= Exercise prompt =
From the line containing "タンクトップ メンズ ノースリーブ" down to the line containing "備考:縦に入るエンボ仕上げが" in the records below, reproduce every line exactly, ends included, and omit all others.

= Input records =
──────────

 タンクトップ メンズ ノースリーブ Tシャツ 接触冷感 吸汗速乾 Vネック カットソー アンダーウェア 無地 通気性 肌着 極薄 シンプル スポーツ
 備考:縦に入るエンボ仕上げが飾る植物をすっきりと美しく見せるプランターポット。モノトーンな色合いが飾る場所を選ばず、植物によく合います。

──────────

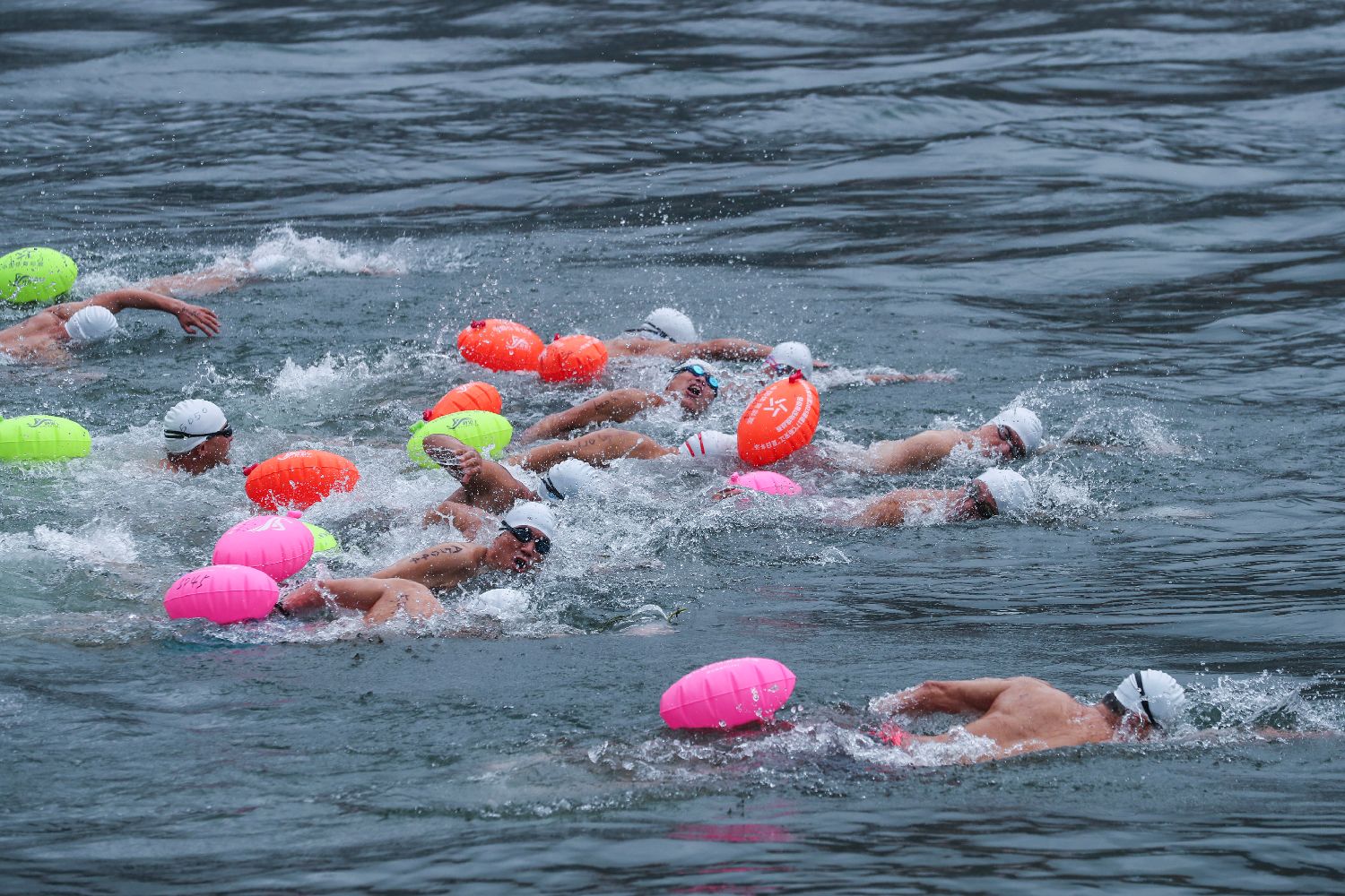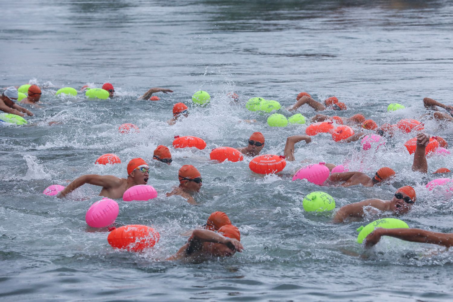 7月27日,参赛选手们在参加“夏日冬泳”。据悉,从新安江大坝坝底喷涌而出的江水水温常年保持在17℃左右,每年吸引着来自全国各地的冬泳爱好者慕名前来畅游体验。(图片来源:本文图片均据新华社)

──────────

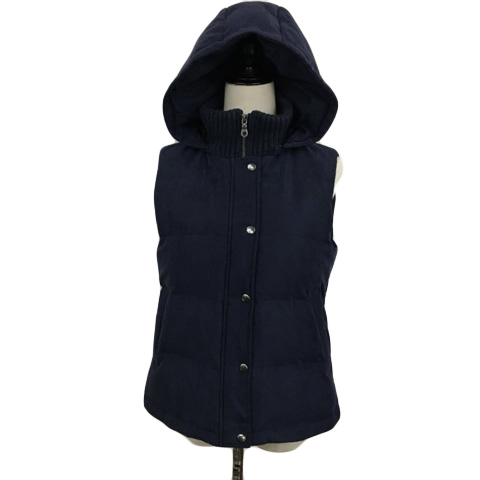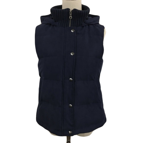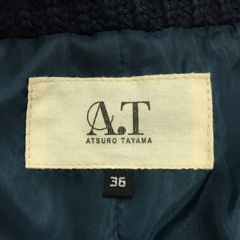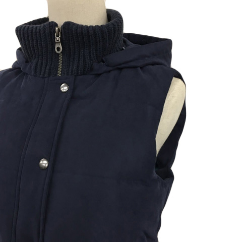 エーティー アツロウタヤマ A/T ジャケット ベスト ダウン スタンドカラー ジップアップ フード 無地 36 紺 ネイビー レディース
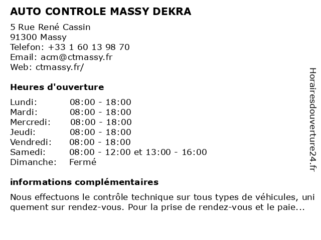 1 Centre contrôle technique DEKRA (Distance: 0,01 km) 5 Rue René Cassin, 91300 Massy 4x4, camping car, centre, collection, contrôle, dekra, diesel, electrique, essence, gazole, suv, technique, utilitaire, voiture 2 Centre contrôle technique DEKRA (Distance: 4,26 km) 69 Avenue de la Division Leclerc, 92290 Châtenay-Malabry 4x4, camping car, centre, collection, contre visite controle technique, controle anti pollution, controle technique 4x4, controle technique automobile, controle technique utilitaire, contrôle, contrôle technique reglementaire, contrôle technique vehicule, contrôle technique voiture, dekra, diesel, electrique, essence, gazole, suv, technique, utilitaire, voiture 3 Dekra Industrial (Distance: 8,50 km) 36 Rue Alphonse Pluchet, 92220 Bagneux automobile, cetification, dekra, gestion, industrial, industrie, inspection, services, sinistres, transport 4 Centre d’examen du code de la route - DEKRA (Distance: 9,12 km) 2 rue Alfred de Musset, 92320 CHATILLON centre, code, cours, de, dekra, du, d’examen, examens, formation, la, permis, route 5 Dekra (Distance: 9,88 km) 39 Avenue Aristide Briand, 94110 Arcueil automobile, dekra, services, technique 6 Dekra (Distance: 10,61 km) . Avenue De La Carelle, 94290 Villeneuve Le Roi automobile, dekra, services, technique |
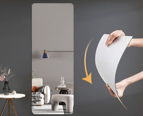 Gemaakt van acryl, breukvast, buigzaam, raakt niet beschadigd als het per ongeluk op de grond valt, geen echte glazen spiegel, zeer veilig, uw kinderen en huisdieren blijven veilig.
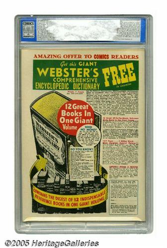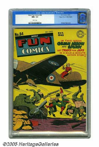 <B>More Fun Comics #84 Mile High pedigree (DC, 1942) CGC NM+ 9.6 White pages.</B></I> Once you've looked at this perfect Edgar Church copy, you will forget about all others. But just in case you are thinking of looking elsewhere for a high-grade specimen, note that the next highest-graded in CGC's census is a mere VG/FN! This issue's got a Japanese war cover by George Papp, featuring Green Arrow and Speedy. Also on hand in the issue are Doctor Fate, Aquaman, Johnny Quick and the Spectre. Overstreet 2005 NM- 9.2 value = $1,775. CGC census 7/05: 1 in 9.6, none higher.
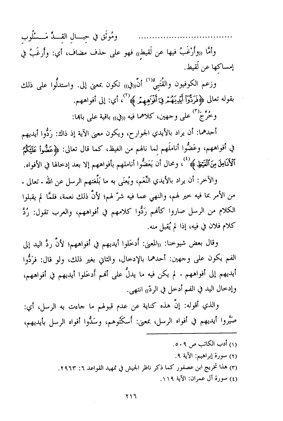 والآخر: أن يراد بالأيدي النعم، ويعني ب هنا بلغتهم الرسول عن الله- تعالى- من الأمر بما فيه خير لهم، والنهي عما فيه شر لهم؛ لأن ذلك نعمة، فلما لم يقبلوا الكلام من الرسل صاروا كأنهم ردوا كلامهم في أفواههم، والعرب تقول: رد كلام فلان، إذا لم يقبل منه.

──────────

= Finished exercise =
 タンクトップ メンズ ノースリーブ Tシャツ 接触冷感 吸汗速乾 Vネック カットソー アンダーウェア 無地 通気性 肌着 極薄 シンプル スポーツ
 備考:縦に入るエンボ仕上げが飾る植物をすっきりと美しく見せるプランターポット。モノトーンな色合いが飾る場所を選ばず、植物によく合います。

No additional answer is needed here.